WHAT YOU HAVE TO DO | Exclude the pictures, then restate exactly each line of the data below from the first through the line containing "国家烟草专卖局党组成员、副局长接受中央纪委国家监委纪律审查和监察调查 更新时间:2024-05-25 15:59:12".

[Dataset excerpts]
_ _ _ _

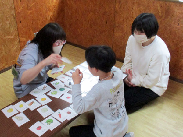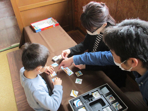 カフェが終ってからは、普段遊んでいる支援グッズを使って親子で遊びました。親御さんにも普段どんな遊びをしているのか知ってもらい一緒に楽しんで帰りました。
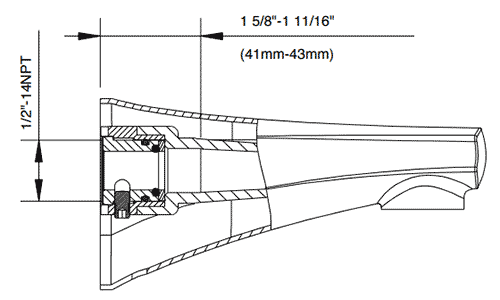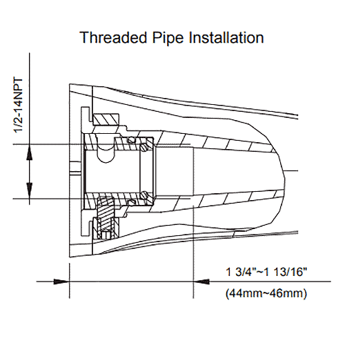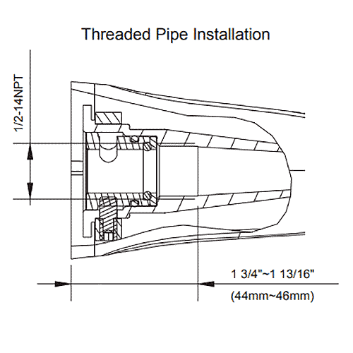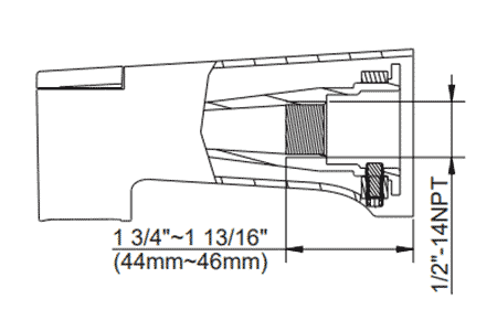• 1/2" NPT stub out length = 1-3/4" - 1-13/16"
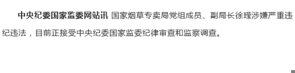 国家烟草专卖局党组成员、副局长接受中央纪委国家监委纪律审查和监察调查 更新时间:2024-05-25 15:59:12 •阅读 0 国家烟草专卖局党组成员、副局长接受中央纪委国家监委纪律审查和监察调查。 校对:王锦程
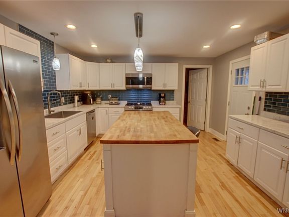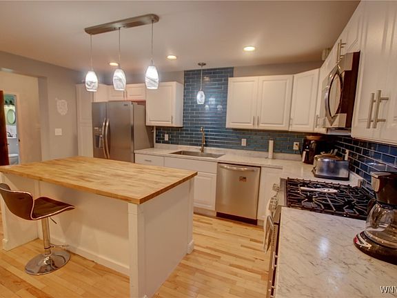 Welcomer's unit has all the upgrades. Updated kitchen with sapphire blue subway tile backsplash, surrounded by a to 4233 Quinby. A rare 3 unit home on an acre lot, steps from the village of Hamburg. Stunning ownell new cabinets. Large butcher-block island with a breakfast bar. All stainless steel appliances. 10 foot ceilings throughout the first floor with LED recessed lights. Large windows, mostly updated that let in a ton of natural light. Recently installed Northern Canadian Birch hardwood floors, and patterned ceramic tile. Updated lower bathroom, just last year. Very clean throughout, lots of new carpeting, and much of the house recently painted. AC in all three units! 27 foot above ground pool only a few years old. Main sewer line replaced.
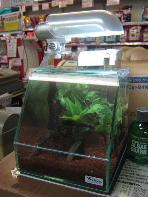 使う水槽はコレにしよう♪ 小型水槽にライトと外掛式フィルターなどが付いたセットです。
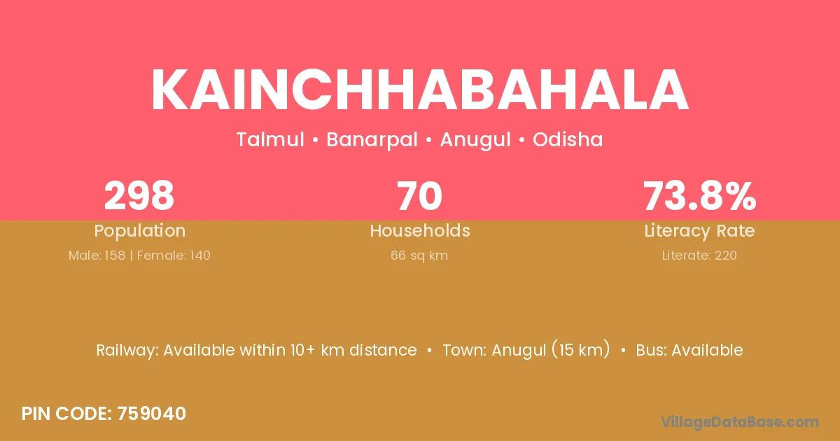Anugul (15 km) is the nearest town to Kainchhabahala village for major economic activities and is located approximately 15 km away.
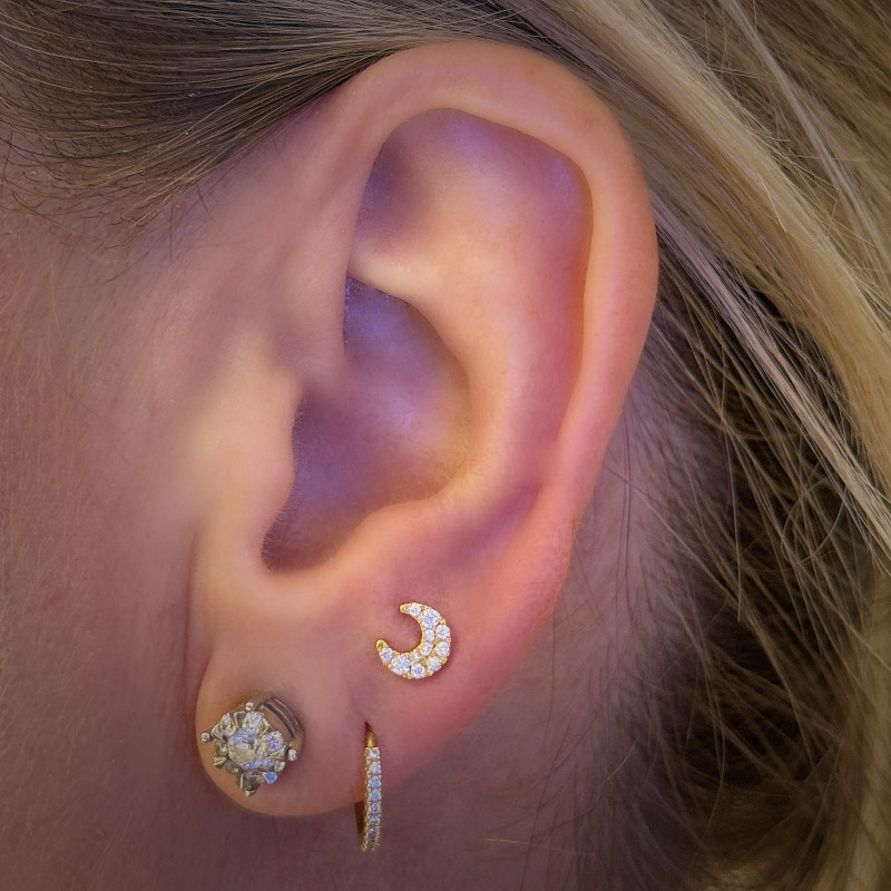 Perfect for earlobe, helix, tragus, and cartilage piercings, this delicate moon design offers a timeless sparkle that elevates any piercing style.

_ _ _ _

ANSWER BELOW |
 カフェが終ってからは、普段遊んでいる支援グッズを使って親子で遊びました。親御さんにも普段どんな遊びをしているのか知ってもらい一緒に楽しんで帰りました。
• 1/2" NPT stub out length = 1-3/4" - 1-13/16"
 国家烟草专卖局党组成员、副局长接受中央纪委国家监委纪律审查和监察调查 更新时间:2024-05-25 15:59:12 •阅读 0 国家烟草专卖局党组成员、副局长接受中央纪委国家监委纪律审查和监察调查。 校对:王锦程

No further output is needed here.